Always the grumpy economist...
"No-one is predicting a US recession in 2026 despite this simple indicator having a 100% track record of success. This time may well be different, but you've got to have a bloody good reason to ignore this. Are you feeling confident."
Source: Albert Edwards
Always the weakening indicators...
You could wake us up in the middle of the night and we would be able to cite 100 different macro indicators that are currently weakening and that you could use to spin a recession case. That is nothing new. Here we represent it with that searches for “find job” reached a new 20-year high at the end of December 2025, surpassing even levels last seen during the 2008 Financial Crisis and Great Recession. Americans are searching for jobs more than even during the Great Recession despite the US still being in a nominal economic expansion.
Source: Google Trends
What does Miss Market say?
This note does not focus on what the economists say or individual indicators but rather what Miss Market is pricing in. First Goldman's recession probability indicator.

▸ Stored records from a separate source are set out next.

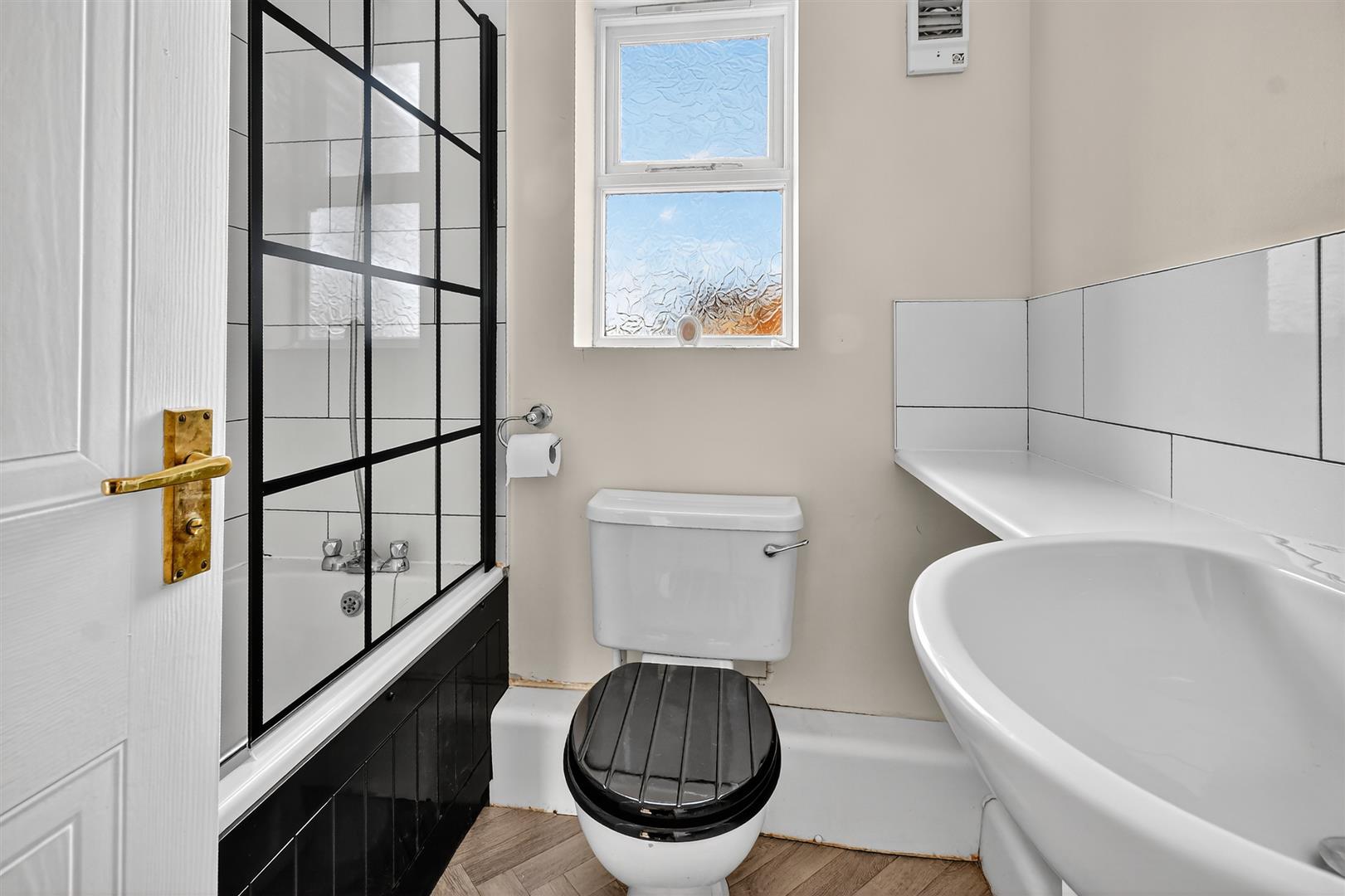 Bathroom - Opaque window to rear, panelled bath with shower over, low level WC, wash hand basin, single panelled radiator, vinyl flooring, shaver point, extractor fan
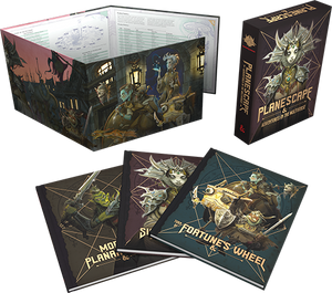 - Turn of Fortune’s Wheel (96-page hardcover adventure)—An adventure set in Sigil and the Outlands designed for characters levels 3–10 with a jump to level 17
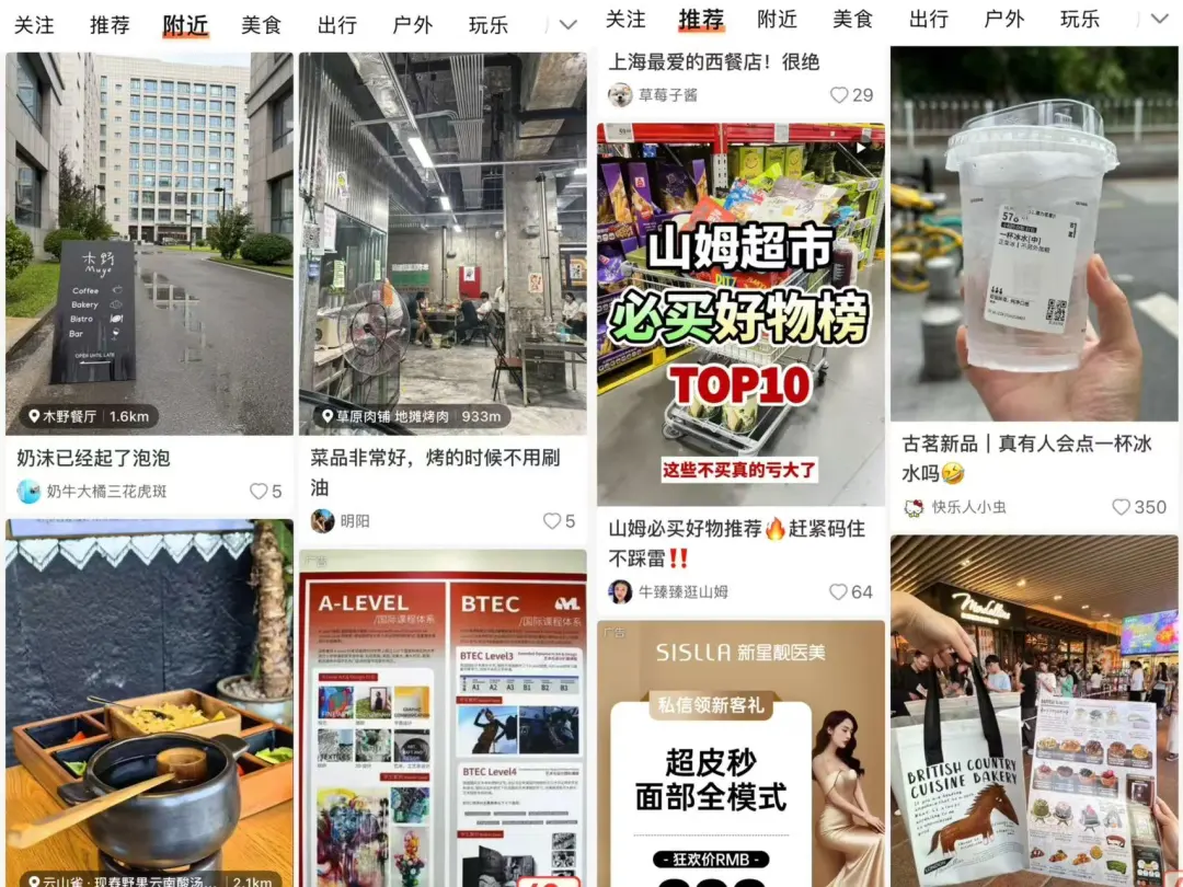 本地生活领域另一个重要的玩家小红书,则沉淀了大量的真实美食点评笔记,为潜在消费者提供了丰富的信息来源,并汇聚了一批高活跃度的用户,他们不仅频繁发布评价内容,还积极参与社区互动,有效提升了平台的用户黏性与内容产出质量。

Market-implied US recession probability for being in a recession right now = very close to 0%. The same probability for getting into one in the next 12 month has come down a lot in the recent past and is now in the mid-teens, as per Goldman data.
Source: Haver
By indicator
Market-implied US recession probability by indicator. Some very low numbers... The 10y-2y spread is the most "extreme".
Source: Haver
No sector pricing in a recession
Valuation ranges of MSCI World styles indices.
Source: Datastream
Bond market calm
The bond market has never been so quiet... the 30-day trading range for the benchmark 10-year US Treasury, which is now the tightest it’s been since the 1970s. Meanwhile, the trading range for the 30-year has reached a record low.
Source: Bloomberg
No MOVEs
Bond volatility continues crashing. MOVE just printed the lowest levels since October 2021.
Source: LSEG Workspace
What about consensus?
Probability of a US recession in the next 1 year as per Bloomberg consensus numbers.
Source: Goldman
What about the herd?
Over 80% of surveyed clients expect US GDP growth around at or above consensus (2.1% for 2026), with recession fears nearly vanishing. US GDP optimism is at a multi-year high.
Source: Goldman
Equities love this
Remember that equities love this backdrop AS LONG as there is no recession...
GS: "Equities tend to perform well on average following growth score peaks, as long as there is no recession and especially if there is policy easing."
Source: Goldman
Never ever
It is that simple: never go underweight unless you expect recession.